= Value of lost load =

The Value of Lost Load (VoLL) is the estimated amount that customers receiving electricity with firm contracts would be willing to pay to avoid a disruption in their electricity service. The value of these losses can be expressed as a customer damage function (CDF). A CDF is defined as:

	Loss ($/kW) = ƒ (duration, season, time of day, notice)

Based on the calculated outage cost, a CDF can be obtained for various customer groups. Typically, there are three distinct groups of customers: residential, small and medium commercial/industry and large commercial/industrial. Figure 1 below illustrates the incremental CDFs of these three groups.

Figure 1: Example Customer Damage Functions

The CDF relates the magnitude of customer losses (per kW interrupted) for a given duration of a power outage. While the general shapes of all three curves are similar, the magnitude of loss varies dramatically depending on the customer's size. Based on VoLL data from an EGAT survey in March and April 2000, it was estimated that the customers’ costs in the first hour for residential customers was Baht 11.45/kW. For large commercial/industrial (C/I) and small & medium C/I customers, the cost in the first hour was Baht 29.55/kW and Baht 89.50 /kW respectively. Further research from EPRI indicates that residential customers’ cost tend to peak at US$1.50/kW in the first hour and falls of to US$0.46/kW in subsequent hours. On the other hand, large C/I and small & medium C/I suffer much higher losses of US$10/kW and US$38/kW respectively in the first hour. This falls to US$4/kW and US$9/kW respectively in the subsequent hours.

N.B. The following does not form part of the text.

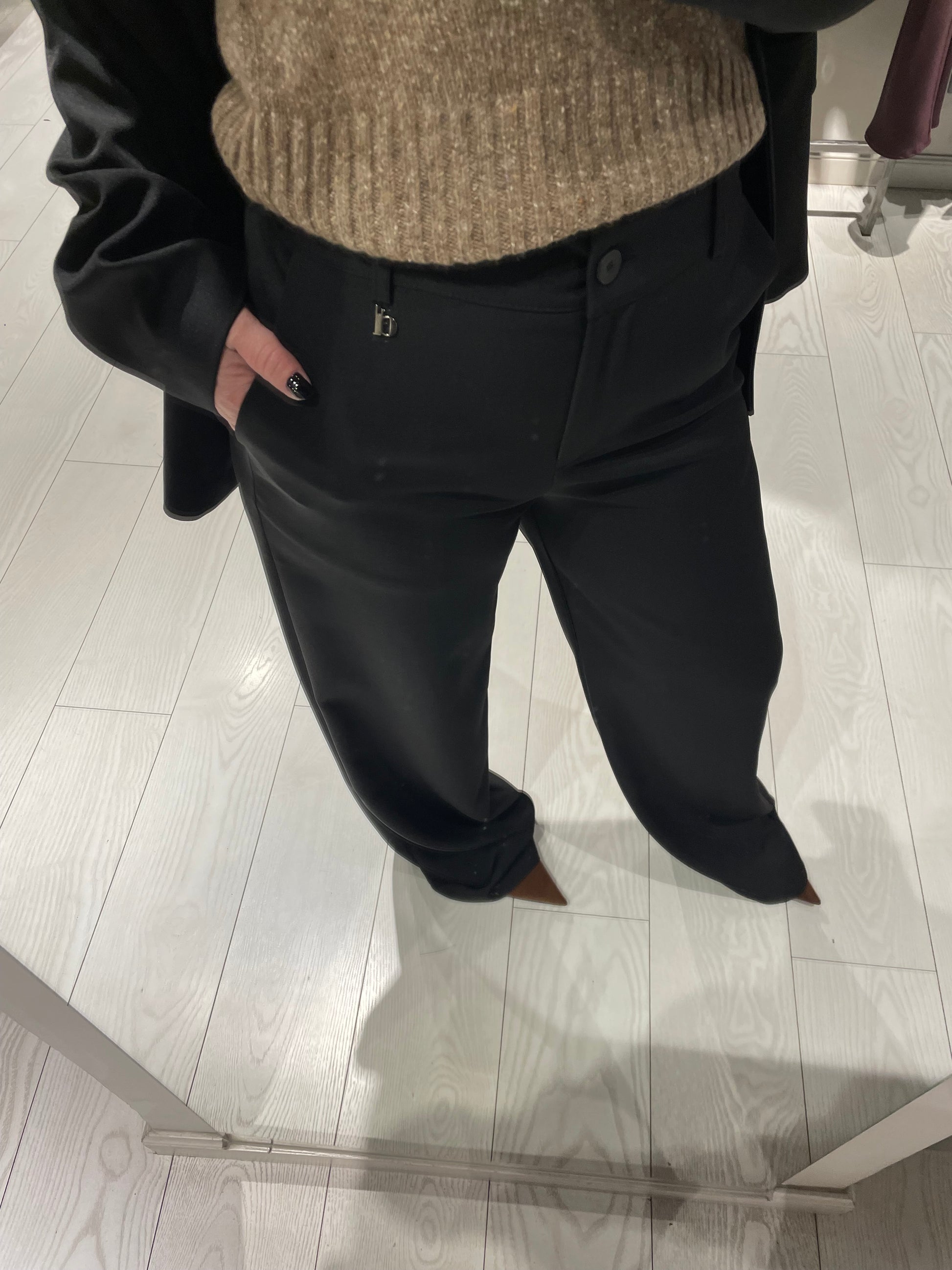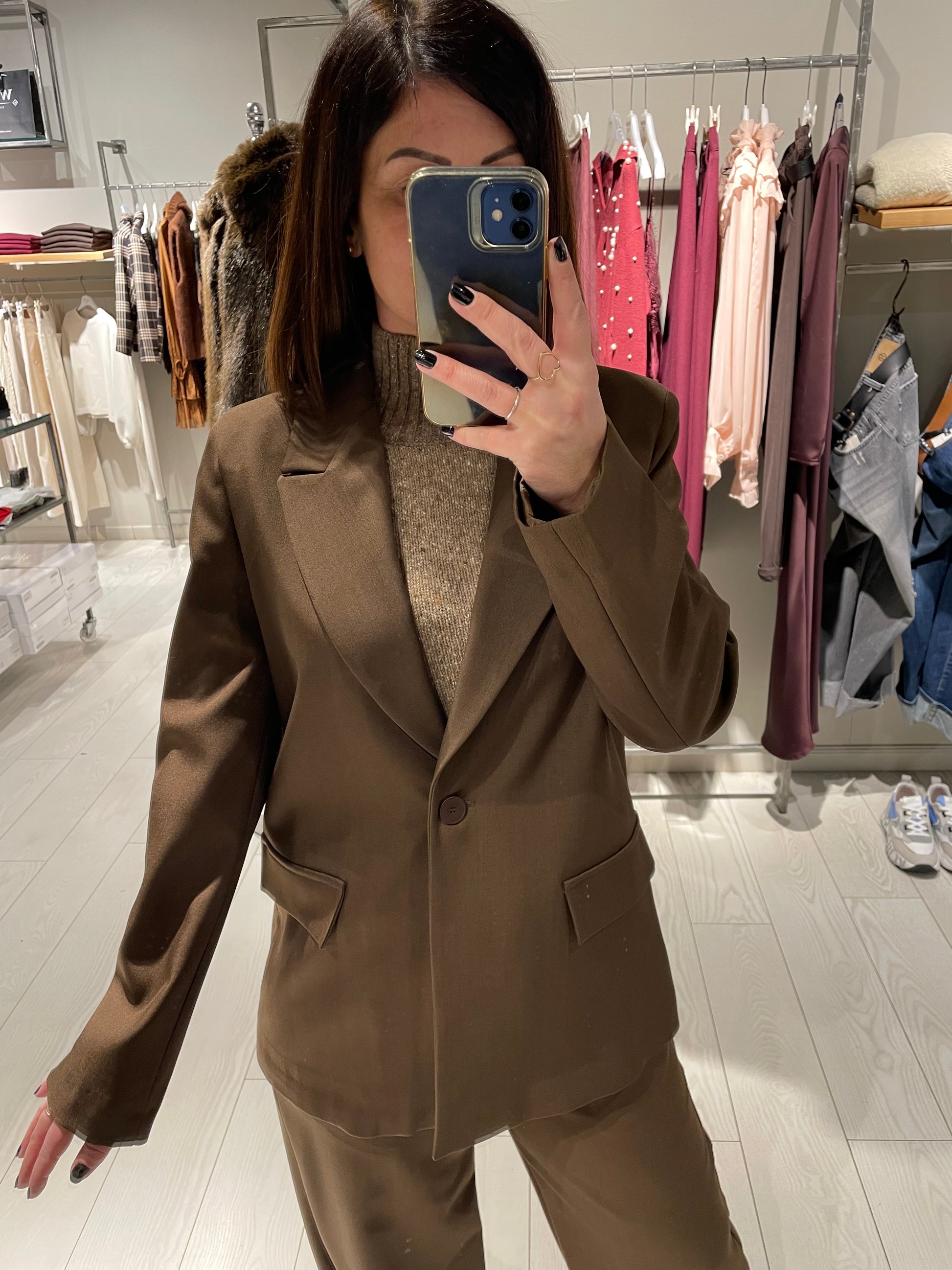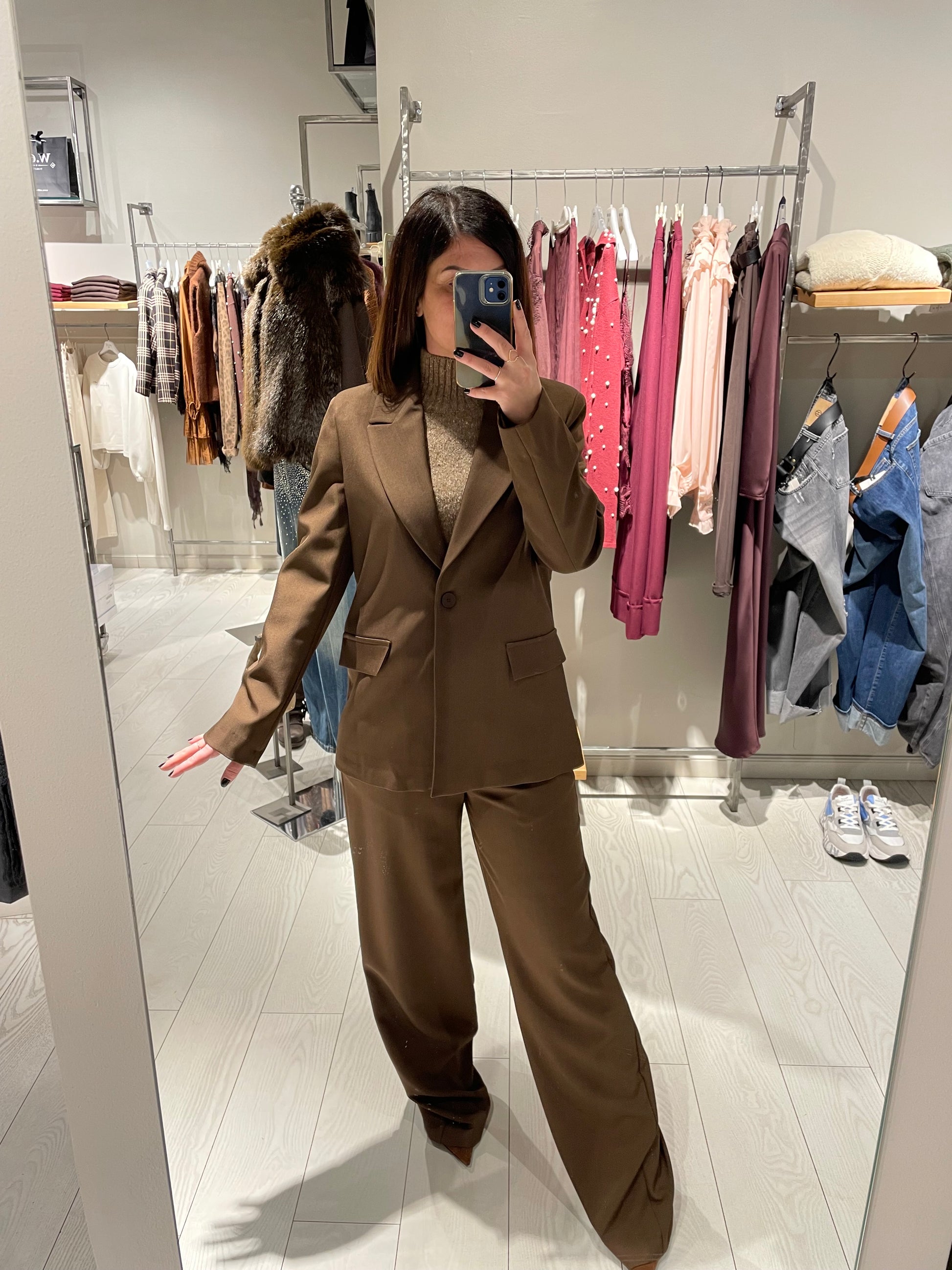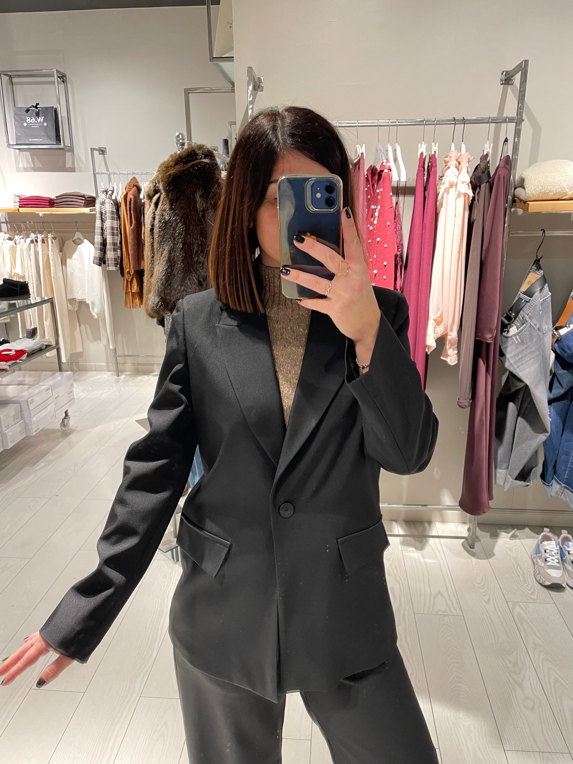 Completo composto da giacca dal fit leggermente aderente e pantalone modello dritto con elastico a molla nella schiena e passanti, la vestibilità è regolare la modella in foto indossa una S ed è alta 1,68 m circa

The CDF predicts the loss per interrupted kW based on factors that influence the outage. The CDF is usually calculated based on defined market segments such as residential, commercial, and industrial. This is done because there are large variations of costs across the utility market segments. However, in a large area it is a normal practice that the interruption cost is aggregated to represent a general picture of the load losses. The aggregated interruption cost is called the composite CDF.